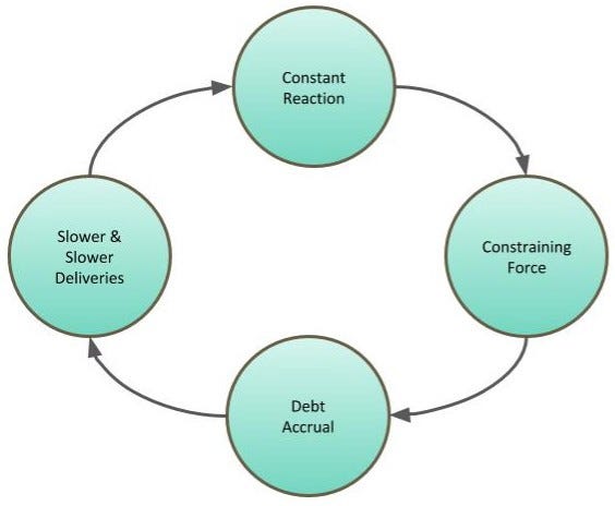 What's occurring is a continuous (vicious) cycle, where the constant need to react causes rushed decisions and constrains our optionality (possible solutions), leading to an increase in debts, slower deliveries, and consequently poorer Sustainability.
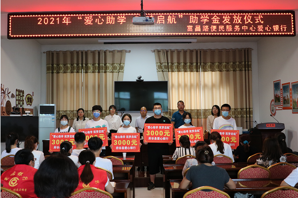 8月19日,府谷縣愛(ài)心銀行舉行“愛(ài)心助學(xué) 筑夢(mèng)起航”助學(xué)金發(fā)放儀式。來(lái)自富昌路便民服務(wù)中心的13名大學(xué)新生領(lǐng)取了資助金。
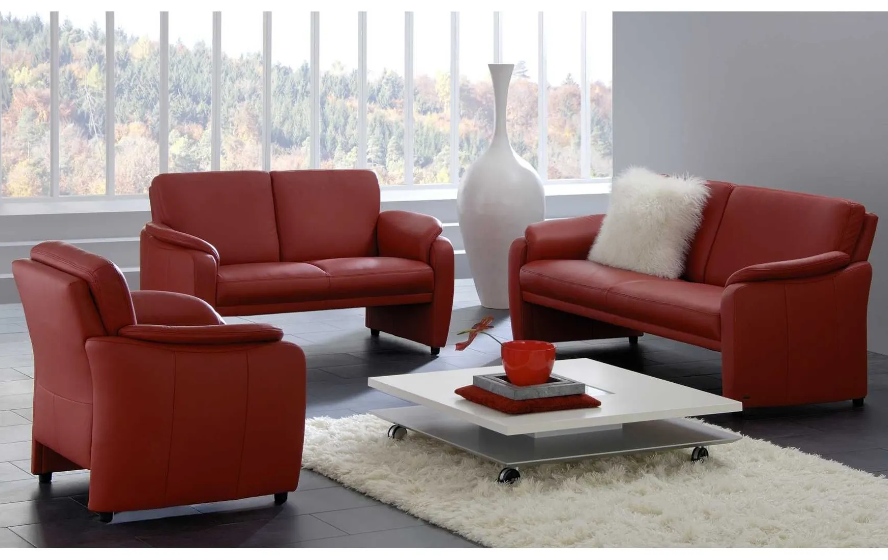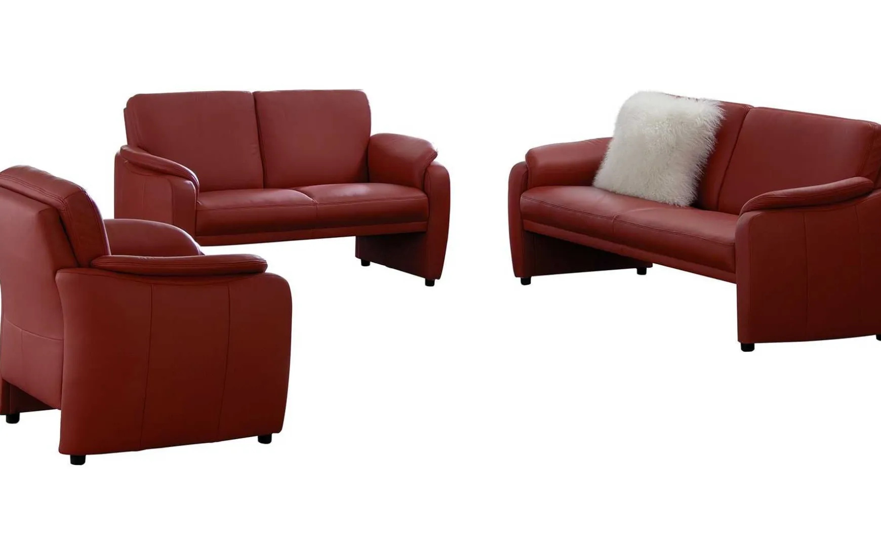 - Gegen Mehrpreis erhältlich: Rücken echt bezogen, 2er Sofa, Sessel, Hocker, Alufluss, Relaxfunktion

——————————

Quote verbatim the final run of lines in the material above, from the line that contains "8月19日,府谷縣愛(ài)" through the very last line, excluding any pictures.

 8月19日,府谷縣愛(ài)心銀行舉行“愛(ài)心助學(xué) 筑夢(mèng)起航”助學(xué)金發(fā)放儀式。來(lái)自富昌路便民服務(wù)中心的13名大學(xué)新生領(lǐng)取了資助金。
 - Gegen Mehrpreis erhältlich: Rücken echt bezogen, 2er Sofa, Sessel, Hocker, Alufluss, Relaxfunktion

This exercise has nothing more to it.